Configuration file should be a “,” delimited csv file with information about your experiments. You can find example config file path by running:

system.file("extdata", "config.csv", package = "amplican")

Columns of the config file:

If you have only forward primers leave column Reverse_Primer empty, leave empty also the Reverse_Reads column. You can still use amplican like normal.

3 Default options

To run amplican with default options, along with generation of all posible reports you can use amplicanPipeline function. We have already attached results of the default amplican analysis (look at other vignettes) of the example dataset, but take a look below at how you can do that yourself. Be prepared to grab a coffe when running amplicanPipeline with knit_files = TRUE as this will take some time. You will understand it is worth waiting when reports will be ready.

# path to example config file
config <- system.file("extdata", "config.csv", package = "amplican")
# path to example fastq files
fastq_folder <- system.file("extdata", package = "amplican") 
# output folder, a full path
results_folder <- tempdir()  

#  run amplican
amplicanPipeline(config, fastq_folder, results_folder)

# results of the analysis can be found at
message(results_folder)

Take a look into “results_folder” folder. Here you can find .Rmd files that are our reports for example dataset. We already crafted .html versions and you can find them in the “reports” folder. Open one of the reports with your favourite browser now. To zoom on an image just open it in new window (right click -> open image in new tab).

amplicanPipeline just crafted very detailed reports for you, but this is not all, if you need something different e.g. different plot colours, just change the .Rmd file and knit it again. This way you have all the power over plotting.

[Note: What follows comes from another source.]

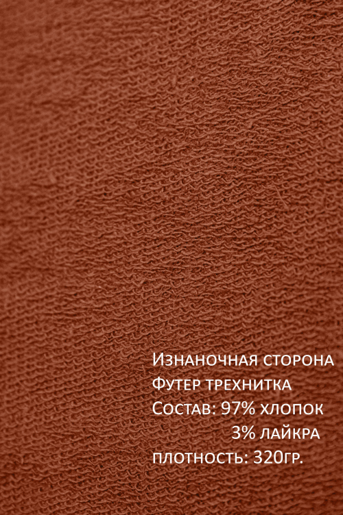 - двойной капюшон. Изнанка капюшона обработана кулирной гладью ( состав 100 % хлопок) в цвет основного полотна;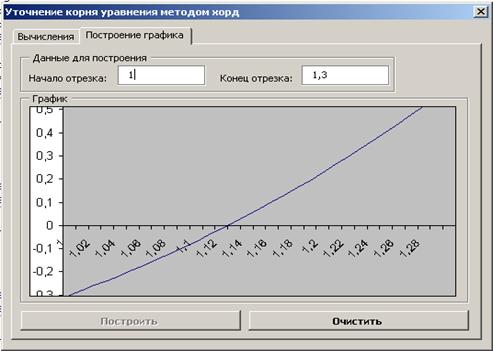 принимает значения с разными знаками. Заканчиваем процесс уточнения корня,

4 Files created during analysis

4.1 barcode_reads_filters.csv

First step of our analysis is to filter out reads that are not complying with our default restrictions:

  • bad base quality - default minimum base quality is 0
  • bad average quality - default minimum average quality is 30
  • bad alphabet - by default we accept only reads with A,C,T,G bases
Barcode experiment_count read_count bad_base_quality bad_average_quality bad_alphabet filtered_read_count unique_reads unassigned_reads assigned_reads
barcode_1 2 20 0 3 0 17 11 4 7
barcode_2 3 21 0 0 0 21 9 0 9

This table is also summarized in one of the reports. As you can see for our example dataset we have two barcodes, to which correspond 21 and 20 reads. Six reads are rejected for barcode_1 due to bad alphabet and bad average quality. Each of the barcodes has unique reads, which means forward and reverse reads are compacted when they are identical. There is 8 and 9 unique reads for each barcode. One read failed with assignment for barcode_1, you can see this read in the top unassgned reads for barcode report in human readable form. Normally you will probably see only half of your reads being assigned to the barcodes. Reads are assigned when for forward read we can find forward primer and for reverse read we can find reverse primer. Primers have to be perfectly matched. Nevertheless, there is option fastqreads = 0.5 which changes method of assigning reads to each IDs. With this option specified only one of the reads (forward or reverse) have to have primer perfectly matched. If you don’t have the reverse reads or you don’t want to use them you can use option fastqreads = 1, this option should be detectd autmatically, if you leave empty field Reverse_Primer in the config file.

4.2 config_summary.csv

config_summary.csv contains extended version of the config file. It should provide you additional look at raw numbers which we use for various plots in reports. Take a look at example extension:

ID Barcode Reads Reads_Filtered Reads_In Reads_Del Reads_Edited Reads_Frameshifted
ID_1 barcode_1 7 6 0 6 6 2
ID_2 barcode_1 6 6 0 6 6 4
ID_3 barcode_2 9 8 1 7 8 1
ID_4 barcode_2 7 7 7 4 7 2
ID_5 barcode_2 5 5 0 0 2 0

During amplicanPipeline these columns are added to the config file:

  • Reads_Del, Reads_In, Reads_Edited - number of deletions, insertions or any of those two (mutations) overlapping with user specified UPPER CASE group in the amplicon (extended by the buffer), events are confirmed with the reverse strand when using paired-end reads, for more information check amplicanConsensus
  • Frameshifted - number of reads that have frameshift (insertions and deletions)
  • PRIMER_DIMER - number of reads that were classified as PRIMER DIMERs
  • Reads - number of reads assigned to this unique ID
  • Reads_Filtered - number of reads assigned to this unique ID with excusion of PRIMER DIMERs and Low Alignment Score reads

4.3 RunParameters.txt

File RunParameters.txt lists all options used for the analysis, this file you might find useful when reviewing analysis from the past where you forgot what kind of options you used. Other than that this file has no purpose.

# path to example RunParameters.txt
run_params <- system.file("extdata", "results", "RunParameters.txt", 
                          package = "amplican")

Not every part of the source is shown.